Day of the Dead (dt. Zombie 2) führt sieben Jahre später die Tendenzen der früheren Filme weiter aus: Die Zombies sind wie die Zombies in Romeros Dawn of the Dead, auch wenn sie realistischer und weniger grotesk aussehen. Weiterhin wird die relative Unverwundbarkeit weiter auf die Spitze getrieben und mit Bub gibt es den ersten individualisierten Zombie; es werden gewisse Erinnerungen reaktiviert und er versucht sogar zu sprechen. Damit versucht der verantwortliche Dr. Logan, ein Zombiemeister zu werden, doch er verwendet Neurophysiologie und Soziologie statt Schwarzer Magie. Über den Ursprung der Zombies wird nichts gesagt. Der Film setzt mehr auf die gruppeninternen Spannungen als auf die Bedrohung durch die Zombies; wenn die Gruppe zusammengearbeitet hätte, hätte sie möglicherweise erfolgreich sein können. Mit diesem Film gilt seine Zombie-Trilogie als abgeschlossen.
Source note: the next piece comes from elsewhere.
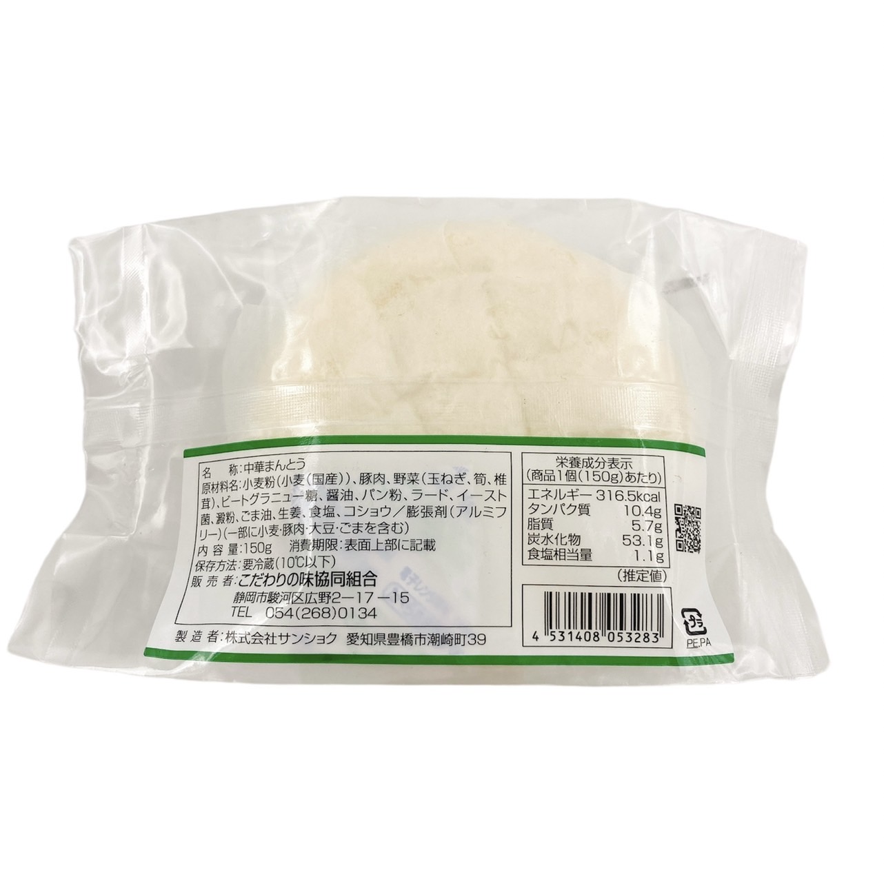 国産の小麦粉の生地で愛知県産の豚肉と国産の野菜(玉ねぎ・筍・しいたけ)を主体にした具材を包んだ中華風豚まんです。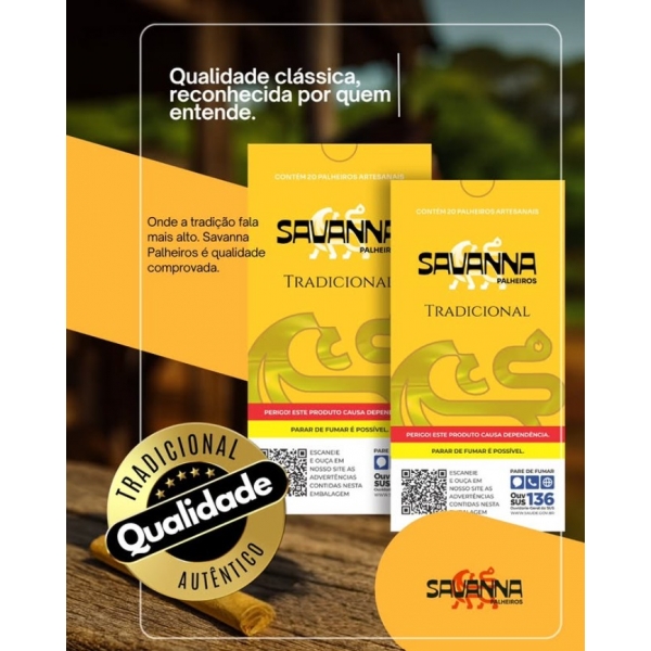 No mundo dos palheiros, poucos nomes carregam tanta presença quanto o Savanna Tradicional. Feito com cuidado artesanal, ele entrega um aroma inconfundível e um sabor encorpado que conquista no primeiro contato.

Nach Day of the Dead lässt Romero das Thema zwanzig Jahre ruhen. Die Erfolge von Resident Evil, Shaun of the Dead und dem Snyder-Remake von Dawn of the Dead lassen ihn dann wieder tätig werden: 2005 flimmerte Land of the Dead über die Leinwände. Zwar verkündete Romero, dass dieser Film keine Fortsetzung von Day of the Dead sei, doch er steht völlig in der Tradition der Trilogie. Die Zombies sehen ähnlich gruselig aus, treten genauso auf. Was sie zum Leben erweckt, bleibt unklar. Es gibt auch einiges Neues: Die Zombies werden von Feuerwerksraketen so fasziniert, dass sie alles um sich herum vergessen und nur noch in den Himmel starren. Sie gehen verstärkt (rudimentär) den Tätigkeiten nach, die ihr Leben bestimmten. Und dank dem Zombie Big Daddy lernen sie. So können sie mit Werkzeugeinsatz die Schwachstellen im Verteidigungssystem der Überlebenden überwinden. Und sie empfinden Mitleid mit ihren leidenden Mitzombies. Die Menschen haben sich viel stärker verändert. Sie haben sich viel mehr mit der menschenverachtenden Situation abgefunden. Fiel es ihnen anfangs schwer, die Zombies einfach zu erschießen, sind viele von ihnen mittlerweile so sehr abgestumpft, dass sie ihre Mitmenschen für ein Vergnügen opfern: Die Prostituierte Slack wird waffenlos in einen Käfig mit zwei Zombies gesperrt – es wird darauf gewettet, welcher Zombie sie erwischen wird. Damit sind die Menschen auch wieder zu Zombiemeistern geworden: Mit schlichter Gewalt werden die Zombies in die Position gebracht, in der sie sein sollen, sei es als Gladiator, gruselige Kulisse oder untote Zielscheibe. Wofür die Zombies stehen, ist ziemlich unklar, sicher ist nur, dass sie zu den Unterprivilegierten außerhalb der gated community gehören – aber wer gehört schon nicht dazu? Schließlich: Die Streitigkeiten unter den Überlebenden werden auf die Spitze getrieben – es gibt zahllose Fraktionen, Verrat und Seitenwechsel werden kaum mehr übel genommen, dafür gibt es auch kaum mehr klare, langfristige Ziele.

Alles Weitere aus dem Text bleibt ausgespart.